A: Obesity is a chronic, debilitating and potentially fatal disease that requires treatment by a physician trained in bariatric medicine. It is marked by an excess accumulation of body fat sufficient to endanger health. The United States is currently suffering an obesity epidemic contributing to the premature death, sickness and suffering of millions of Americans.
- Q: What are the health risks of obesity?
A: Obesity has been established as a major risk factor for diabetes, hypertension, cardiovascular disease and some cancers in both men and women. Other co-morbid conditions include sleep apnea, osteoarthritis, infertility, idiopathic intracranial hypertension, lower extremity venous stasis disease, gastro-esophageal reflux and urinary stress incontinence. Obesity-related medical conditions contribute to 300,000 deaths each year, second only to smoking as a cause of preventable death.

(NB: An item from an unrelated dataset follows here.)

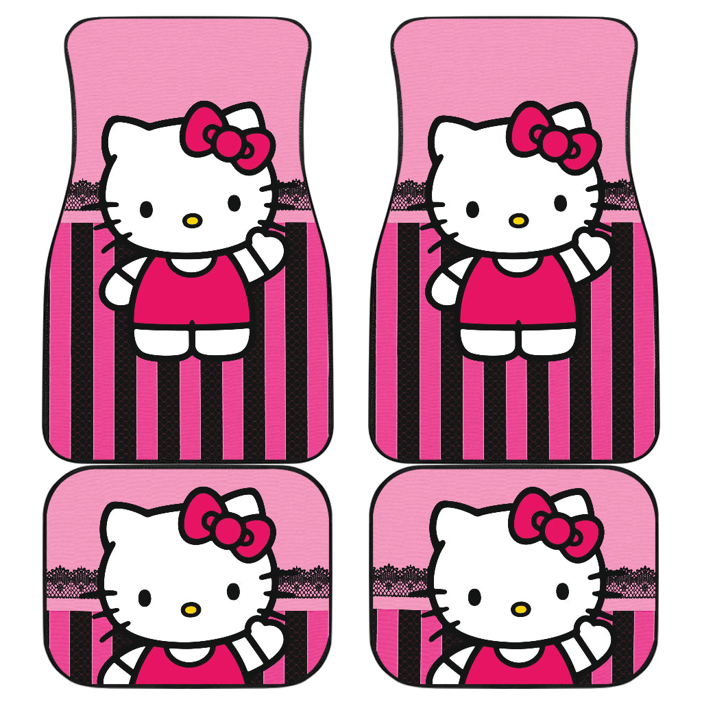 Hello Kitty Car Mats Hello Kitty Waving Hand Stripes Pattern Car Floor Mats Black Pink

- Q: What about childhood obesity?
A: Approximately one in five children in the US between the ages of six and 17 is overweight. The number has more than doubled in the past 30 years. Significant changes in the Western lifestyle that contribute to a high-calorie, low-activity lifestyle are the major culprit. “Super-sizing” of high-calorie-high fat foods, “junk food” diets (including high calorie soft drinks and fruit beverages), increased TV watching, increased time spent playing video and computer games (often while snacking) all contribute to obesity among the young. With all the health implications that obesity carries, this trend toward obesity is perhaps one of the most serious problems our children’s generation will face.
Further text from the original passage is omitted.